**WHAT THE EXERCISE ASKS**
Reading through the lines below, count those that include the string "other"; the answer is that number and nothing else.
┌────────
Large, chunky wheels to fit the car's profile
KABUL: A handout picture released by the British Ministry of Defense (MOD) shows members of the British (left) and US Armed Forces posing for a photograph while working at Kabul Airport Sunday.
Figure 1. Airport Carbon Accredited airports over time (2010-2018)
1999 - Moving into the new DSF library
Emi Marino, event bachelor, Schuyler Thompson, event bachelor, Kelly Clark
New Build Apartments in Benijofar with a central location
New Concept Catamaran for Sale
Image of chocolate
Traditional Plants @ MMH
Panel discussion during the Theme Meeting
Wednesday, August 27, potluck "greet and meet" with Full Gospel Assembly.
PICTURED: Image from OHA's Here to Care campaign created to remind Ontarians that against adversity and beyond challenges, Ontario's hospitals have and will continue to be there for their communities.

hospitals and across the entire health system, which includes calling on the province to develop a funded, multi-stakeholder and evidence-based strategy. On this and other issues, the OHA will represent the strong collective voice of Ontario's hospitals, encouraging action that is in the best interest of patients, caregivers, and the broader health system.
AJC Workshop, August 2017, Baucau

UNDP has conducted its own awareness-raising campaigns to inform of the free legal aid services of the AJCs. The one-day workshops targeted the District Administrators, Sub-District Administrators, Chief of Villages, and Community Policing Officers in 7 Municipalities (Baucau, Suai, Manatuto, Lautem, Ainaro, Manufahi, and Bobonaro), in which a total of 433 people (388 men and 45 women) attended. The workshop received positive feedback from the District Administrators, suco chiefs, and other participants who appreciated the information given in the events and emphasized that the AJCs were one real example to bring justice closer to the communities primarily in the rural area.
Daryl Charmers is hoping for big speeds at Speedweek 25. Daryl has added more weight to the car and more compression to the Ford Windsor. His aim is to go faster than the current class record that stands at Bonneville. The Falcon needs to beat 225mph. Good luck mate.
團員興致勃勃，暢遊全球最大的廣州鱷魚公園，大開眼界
└────────
**REPLY TO THE TASK**
2